July Workshop Reflection: Unpacking Ritual Moments
“When I heard the sound of the water poured from the pitcher as the words were being spoken, the memories from the abundant use of water from the videos we watched flooded my mind.”
“I experienced the prayer time at the end of the service more intensely than I usually do.”
I warned the participants (all ten who attended our workshop on adult faith formation in early July) as we reviewed learning goal #3—”to experience rituals that might be used in your context to foster a missional ethos and welcoming spirit in your congregation”—I warned them that “Kent and I are liturgy geeks” who know firsthand about the transformative power of ritual done well, full of grace and beauty. We wanted to give them a taste of such ritual.

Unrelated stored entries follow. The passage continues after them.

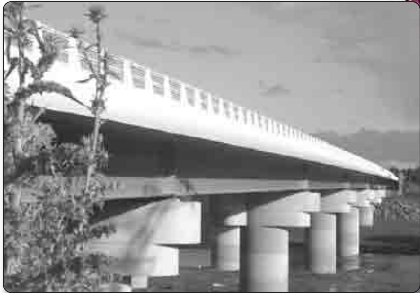
Le Pont du Golo, un chantier sur lequel est intervenue la SAS Terraco

Depuis, d'autres programmes immobiliers ont fleuri : celui de Mariana Grand Parc, sur la commune de Lucciana, dont la moitié des logements (450 en tout) a déjà été livrée, le reste étant en cours de réalisation; celui d'Acqua Linda, résidence de touris-
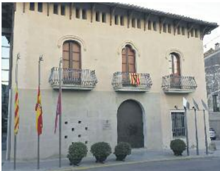
Les finances estaran sota tutela fins al 2027.

El Pla d'Ajustament aprovat pel Ministeri contempla la sortida del Fons de Finançament de Pagament a Proveïdors i reduir els interessos del 5 fins a l'1%. D'aquesta manera, s'obté un estalvi per a les finances municipals de fins a 350.000 euros i l'ingrés, en la
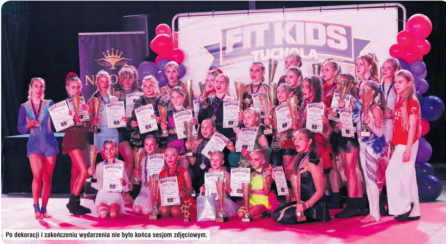
Po dekoracji i zakończeniu wydarzenia nie było końca sesjom zdjęciowym.

Kilka godzin popisów na najwyższym, europejskim poziomie mogli oglądać licznie zgromadzeni ludzie w tucholskiej hali sportowej. Mowa o poziomie Europy, bo wielu mistrzów kontynentu zaprezentowało swój talent podczas sobotniego wydarzenia zorganizowanego przez Fitness Sportowy Tuchola. Choć podium ma trzy miejsca, każde dziecko zostało zaproszone do dekoracji. My już wiemy, że na pierwszej edycji Fit Kids Tuchola z pewnością się nie zakończy.
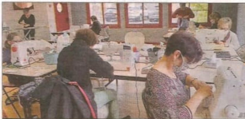
FABRICATION. Les petites mains soumanaises sont au travail pour confectionner des masques.

Alors que depuis des semaines on assiste aux tergiversations des pouvoirs publics concernant la distribution de masques de protection, la solidarité s'organise à Soumans derrière les machines à coudre.
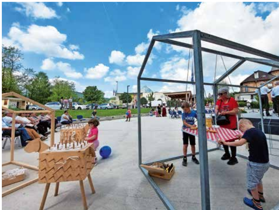
Medvoški kulturni festival bo tudi letos popestril dogajanje s številnimi dogodki.

Festival bo trajal osem dni, najbolj zanimivo in pestro pa bo dogajanje v soboto, 20. maja, ko bodo obiskovalci v dopoldanskem času na Tržnici Medvode lahko z roparskimi vitezi spili čaj pri Marješki Pehti, spoznali varuhe naše dediščine pod okriljem Občinske
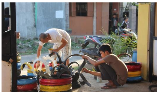
Gambar 11. Proses Pengecatan Hasil Olahan Ban Bekas Pemuda Antang
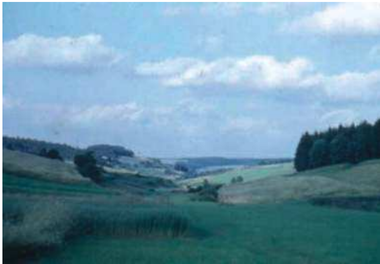
Von der Fitschelgasse hat man einen schönen Blick über die Fitschelwiese in Richtung Geisenhain. Links der Born bzw. Rotacker und rechts das Rodeland, welches erst nach dem Krieg gerodet wurde.
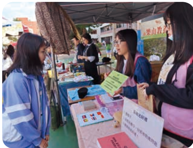
108年12月28日於金陵女中進行多元文化宣導。
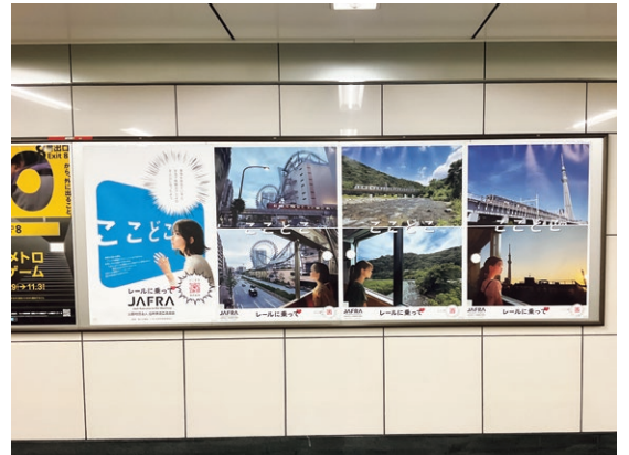
東京メトロ・新宿三丁目駅

（企画の詳細は、JAFRA NEWS vol.89 4月号に掲載 https://j-jafra.jp/wp-content/uploads/2025/07/JAFRANEWS_89.pdf ）
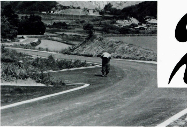
団体営農道整備事業（6,289 m）
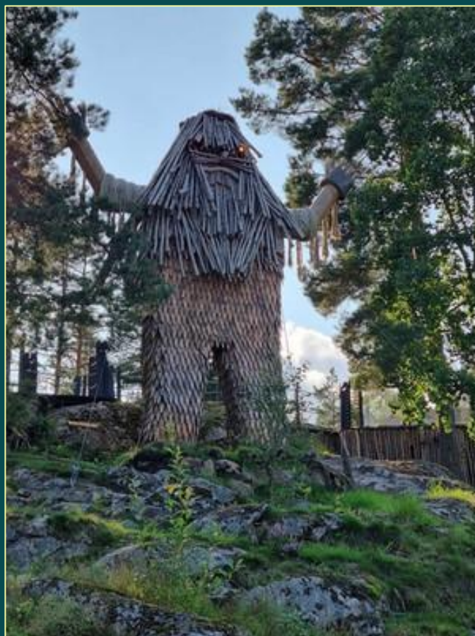
Urjotnen Yme utformet og fotografert av Per Esborg – prosjekt Forn Speki
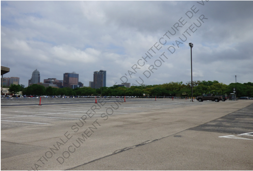
Rice University, Houston 6 avril 2018 14h30
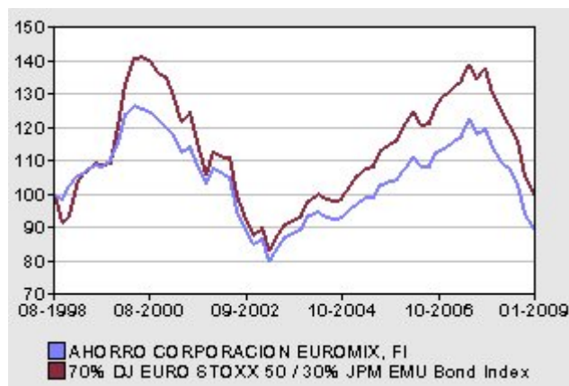
Rentabilidad acumulada del fondo contra su Índice
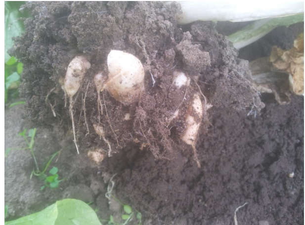
Kålbrot på kinakål.
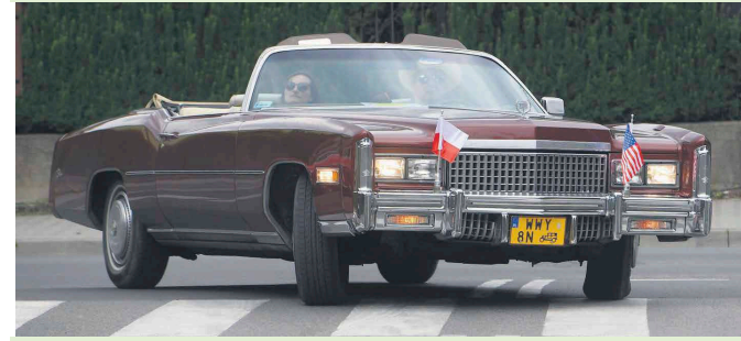
Perelki dawnej motoryzacji po raz piąty zjechały do Ząbek

V Zlot Pojazdów Zabytkowych i Motocykli w Ząbkach zaowocował pełnym przekrojem oldtimerów, youngtimerów i wielu innych ciekawych pojazdów oraz zgromadził liczne grono miłośników dawnej motoryzacji. Wydarzenie było niepowtarzalną okazją do podziwiania zabytkowych samochodów i motocykli, które na co dzień możemy oglądać jedynie w muzeum. Główną atrakcją tegorocznej imprezy był przejazd pojazdów ulicami miasta.
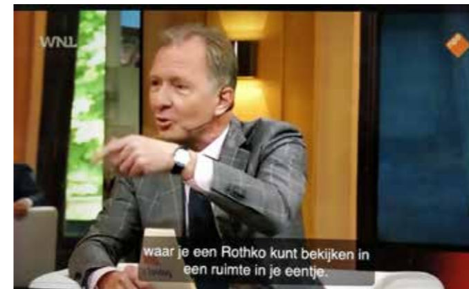
Presentator Rick Nieman over ons museum waar je een Rothko kan bekijken.

In 2019 kwam het museum twee keer in het televisieprogramma van Jinek, onder andere met de Plantvakantie. Ook was het museum met de tentoonstelling Rothko & ik op televisie. Tijdens een interview met een psychologe vertelde presentator Rick Nieman over het schilderij van Rothko waar je in je eentje naar mocht kijken.
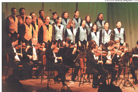
Orquestra Unisinos é uma das responsáveis pela realização do evento
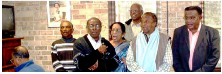
Our birthday choir
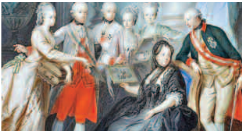
Împărăteasa văduvă împreună cu șase dintre copiii ei, anul 1776

de stat cu ea, considerându-o imatură pentru un asemenea rol. Chiar dacă și-a petrecut ultimele decenii din viață asigurând moștenirea Mariei Tereza, Carol a așteptat întotdeauna un fiu și niciodată nu și-a pregătit fiica pentru viitorul ei rol ca suveran.
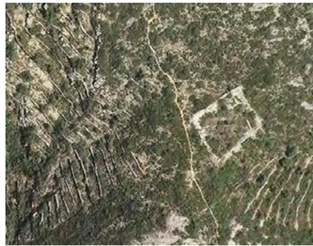
Figura 2. Vista aèria de les restes d'un antic corral situat tocant el traçat del lligallo de la Roca Roja

Així, amb les grans amplades s'aconseguia un trasllat fàcil dels ramats, amb comoditat i facilitat per a la seva conducció. Tot i això, la pastura no
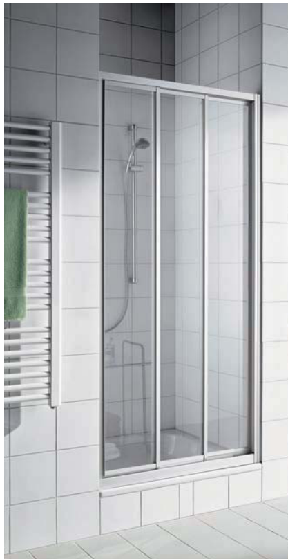
IBIZA 2000 Gleittür 3-teilig, beidseitig öffnend
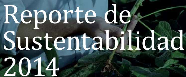
TABLA DE INDICADORES GRI e INFORMACIÓN COMPLEMENTARIA

PARA LOS 12 MESES TERMINADOS EN SEPTIEMBRE 2014
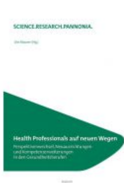
Health Professionals auf neuen Wegen Ladenpreis: 18,50 EUR
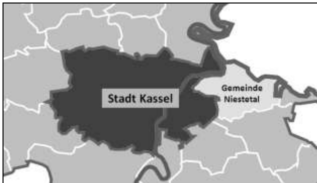
Abbildung 1: Geografische Lage der Gemeinde Niestetal

Nach Prüfung aller eingegangenen Angebote hat sich die Gemeinde Niestetal für das Kooperationsmodell der STW und NSG entschieden. Dieses Modell sieht den Aufbau einer Netzgesellschaft durch die NSG und der Gemeinde Niestetal bzw. einer gemeindeeigenen Beteiligungsgesellschaft (nachfolgend „Beteiligungsgesellschaft Niestetal“ genannt) vor – die Niestetal Netz GmbH (Arbeitstitel) .
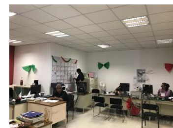
CONSULTORIO TIPO, POZO DE LUZ INTERNO CON ESTRUCTURACION DE CONCRETO Y AREAS ADMINISTRATIVAS GENERALES PLANTA ALTA
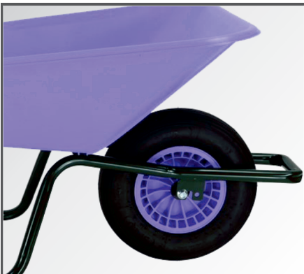
PP-Kunststoff Felge mit Nadellager und Luftbereifung mit 2-lagigem Mantel.
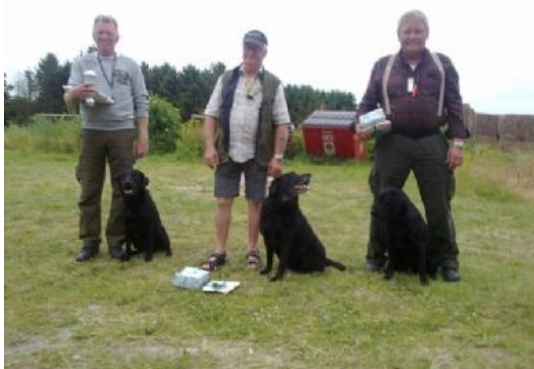
Pokalvinder og de to andre.
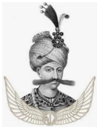
شاه عباس یکم صفوی

پس از شاه اسماعیل پسرش، تهماسب ، به حکومت رسید. او با سر و سامان دادن به اوضاع داخلی و دفع حمله‌های ازبکان و دولت عثمانی، موفق شد حکومت صفوی را تثبیت و تحکیم کند. شاه تهماسب پایتخت را از تبریز به قزوین انتقال داد؛ زیرا تبریز همواره در معرض هجوم سپاه عثمانی بود.
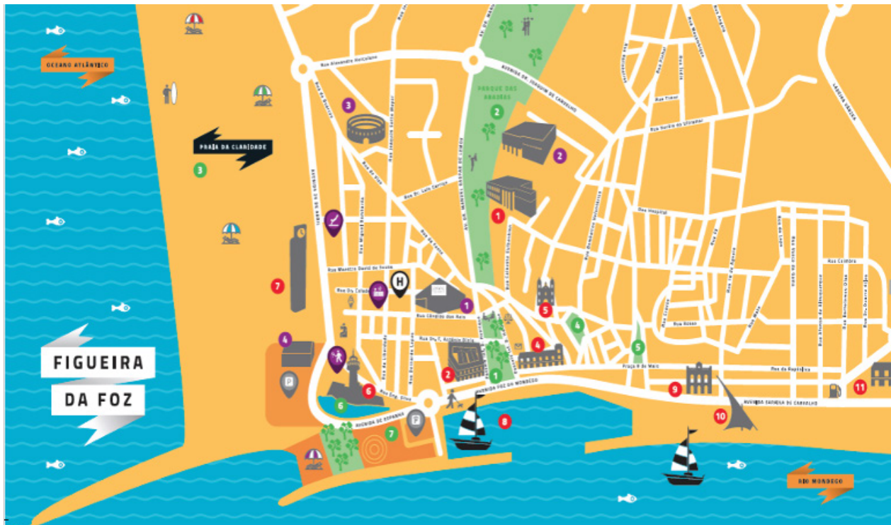
Mapa da barra e da zona ribeirinha da Figueira da Foz

O Mercado foi construído no local da antiga Praia da Fonte, sobre o aterro, onde mais tarde em 1891, também surgiu o Jardim Municipal, dotando esta zona com uma nova frente ribeirinha da cidade.
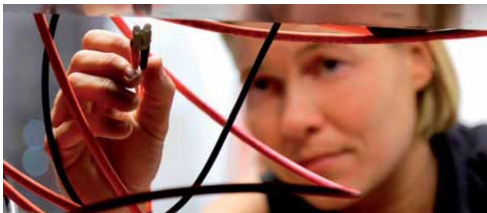
IKT des ÖBB-Konzerns in einer Hand

Der ÖBB-Konzern braucht eine hochwertige und kostengünstige IKT-Infrastruktur und eine gemeinsame Strategie für IKT-Services. Durch die Bündelung aller IKT-Kompetenzen in einer Gesellschaft vermeidet man Doppelgleisigkeiten und man kann die Servicequalität weiter verbessern sowie Kosten senken. Ziel ist die Verbesserung der IKT-Unterstützung und Betreuung aller Konzerngesellschaften sowie der externen EVU.
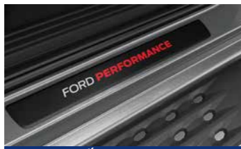
Ốp bậc cửa
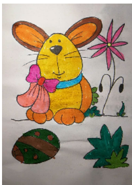
市学府街小学 三(1)班 赵姬尘
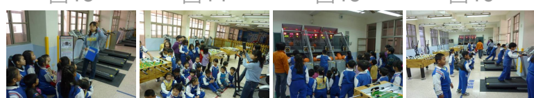
圖17 圖18 圖19 圖20
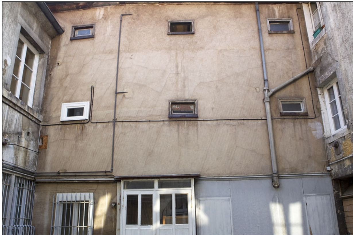
Premier logis secondaire, aile gauche sur la deuxième cour.

25, Besançon, 22 rue Rivotte, lieudit : îlot Boitouset
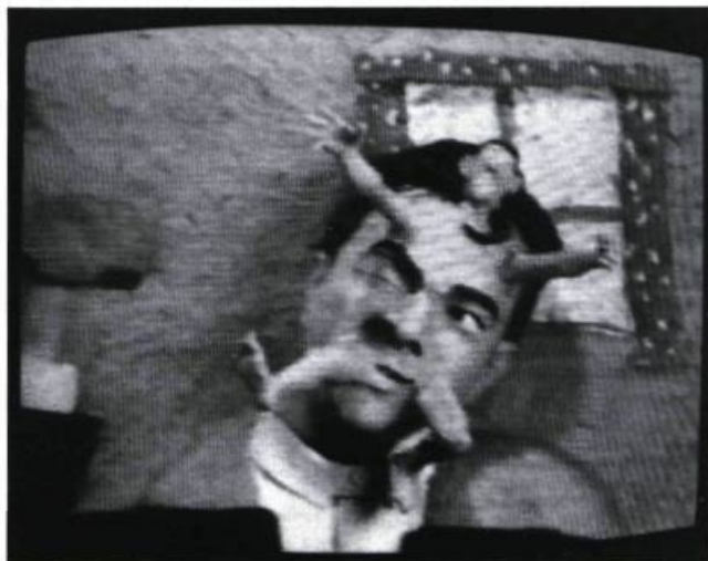
Hommage à Méliès

Sledgehammer de Peter Gabriel réalisé par Steven Johnson
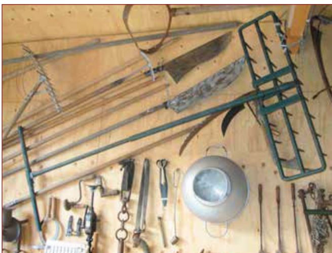
Een deel van de verzameling.

Ik werkte daar als hovenier en deed ook het onderhoud van de volière. Zo'n drie jaar later werd ik beheerder van de kinderboerderij aan het Keern. Fantastisch werk met allerlei verschillende dieren en met leuke mensen die vanwege hun beperking daar werkten, ieder met zijn eigen zorgbehoefte. Voor mij een gouden tijd om hier leiding te mogen geven.'
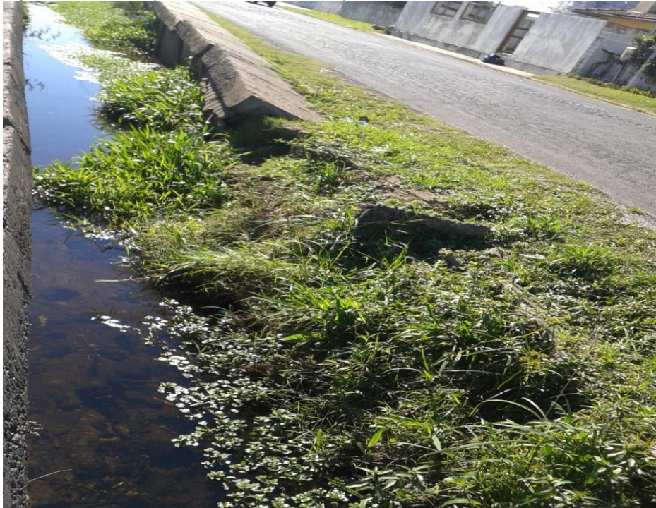
Figura 4 – Destruição do muro de contenção

minimizado com a adequada frequência da coleta, educação da população e multas pesadas” (DEP, 2017, p. 8). Nesse sentido, a educação ambiental passa a ser, também, um grande desafio ao planejamento e à gestão do processo de limpeza urbana.
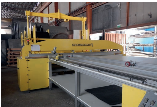
Резка на участки требуемой длины и автоматическая сварка футеровочного вкладыша в соответствии с требуемым номинальным внутренним диаметром
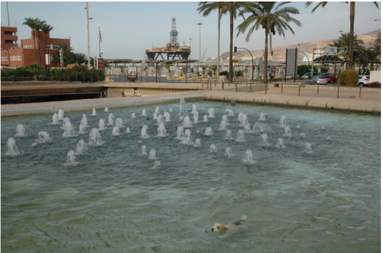
De Cable Inglés, het Alcazaba en een fontein
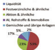
Vermögensstruktur nach Anlagekategorien
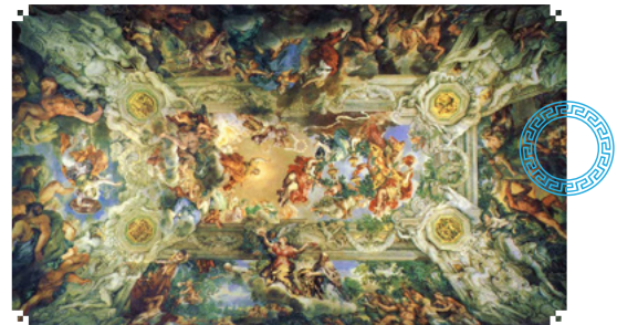
Techo del Salón del Gran Palacio Barberini de Roma

El trabajo de Lanfranco en Roma (1613-1630; en Arte Barroco en Italia, s/f) y en Nápoles (1634-1646) fue fundamental para el desarrollo de ilusionismo en Italia.
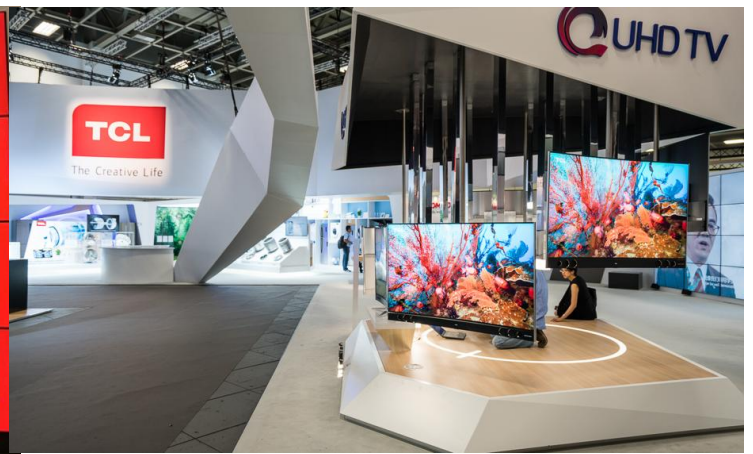
TCL 榮獲「IFA 產品技術創新大獎」量子點技術金獎
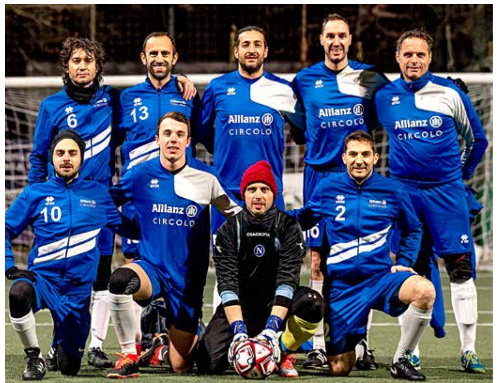
📷 Il Circolo Allianz ha lasciato l'ultimo posto in Serie A

In Serie B, tutto facile per la capolista Dobroleg che travolge 12-1 la Tartaruga con le triplette di Bresich e Tenace. Non gioca la Pizza Smile (rinvia la partita con il Progit) che si trova ora a sei punti dalla vetta, divario però colmabile viste le due partite da recuperare. Stop inatteso, soprattutto per le proporzioni, del Royal Kokal/Cne Ponteggi, superato per 12-3 dal Tripmare, trainato dalla quaterna di Moscato e dalla tripletta di Serra. Bene l'Esse.Data, vittorioso per 7-2 ai danni del Magna/New Sound, mentre non si è giocato il match tra Cral Trieste Trasporti e LaDomenicaBe-
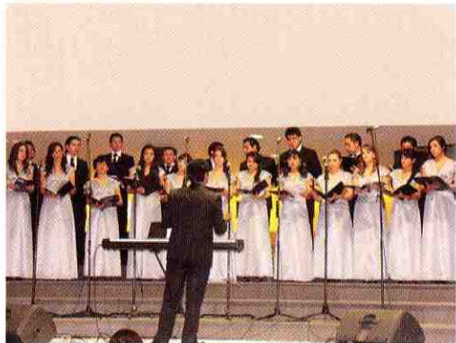
Coro de la Universidad de Cuenca
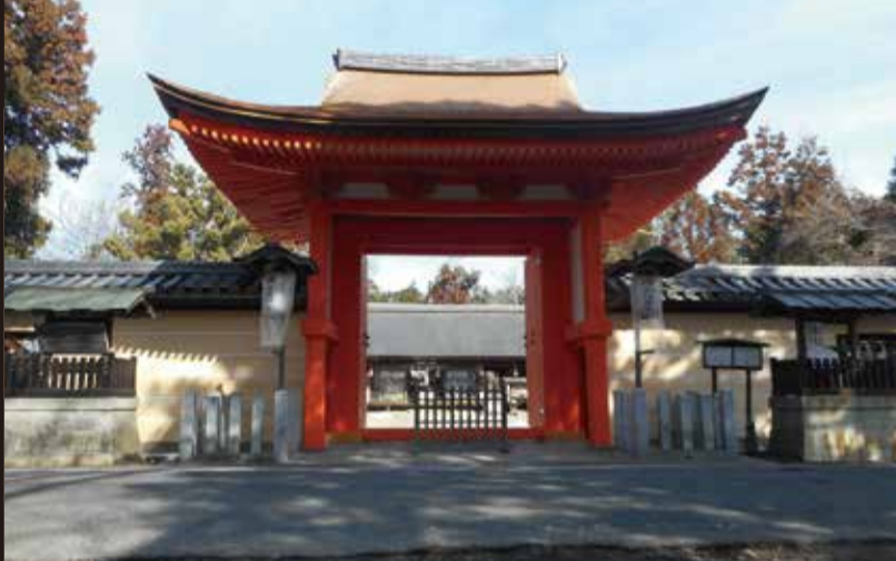
〔住所〕愛荘町豊満392番地

豊満神社には首長竜に似た木があるそうです。その木は何百年もかけて恐竜に似た木になったそうです。木の肌も恐竜に似ているので、ぜひ探しに行ってみてね!
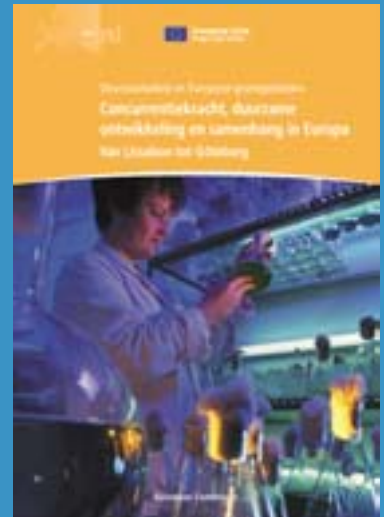
Beschikbaar in de elf talen van de Unie.

De bijdrage van het regionaal beleid tot het realiseren van de doelstellingen van de Europese Raad van Lissabon en van Göteborg, aan de hand van 26 projecten met voorbeeldfunctie.

Built into the workshop schedule were ritual experiences that are the normal part of the typical adult catechumenal formational process, rituals that mark the transition from one stage of the catechumenal process to the next. After enacting rituals with the workshop participants in the roles of catechumens and sponsors, the participants had time to reflect individually and then discuss in the group how they experienced these tactile, aural, and olfactory rites. We ended the second day by viewing a “classic” video, “This Is the Night,” of adult baptisms administered in a large, walk-in font at a Roman Catholic parish during the Easter Vigil, followed by a video from Redeemer Evangelical Lutheran Church in The Bronx during their Vigil as a young adult was baptized with an abundance of water. The Service of Baptismal Thanksgiving—with baptismal invocation, song, Scripture, a thanksgiving for baptism spoken as water was poured into our make-shift font, renunciation and confession from the rite of baptism, and an extended time of intercession—began our third and final day. The above quotations are responses from participants as we discussed how they experienced the baptismal renewal ritual. I, too, had been deeply moved by the time of intercessions for the church, world, and all in need, offered by many participants and was reminded of Martin Luther, writing in his treatise The Freedom of a Christian,
Not only are we the freest of kings but we are also priests forever. This is far better than being kings, for as priests we are worthy to appear before God, to pray for others … Thus Christ has made it possible for us, provided we trust him, to be not only … fellow rulers of his kingdom but also his fellow priests. Therefore, we can come before God boldly in the spirit of faith and cry, “Abba, Father.” Praying for one another, we do all things that pertain to the duties and visible works of priests.
The Freedom of a Christian, Study Edition translated and with introduction by Mark D. Tranvik, p. 67.
Adult faith formation is designed to lead people to the freedom we have in Christ, who takes on all our sin in exchange for his righteousness, and who frees us for lives of thanksgiving to God and service to our neighbor.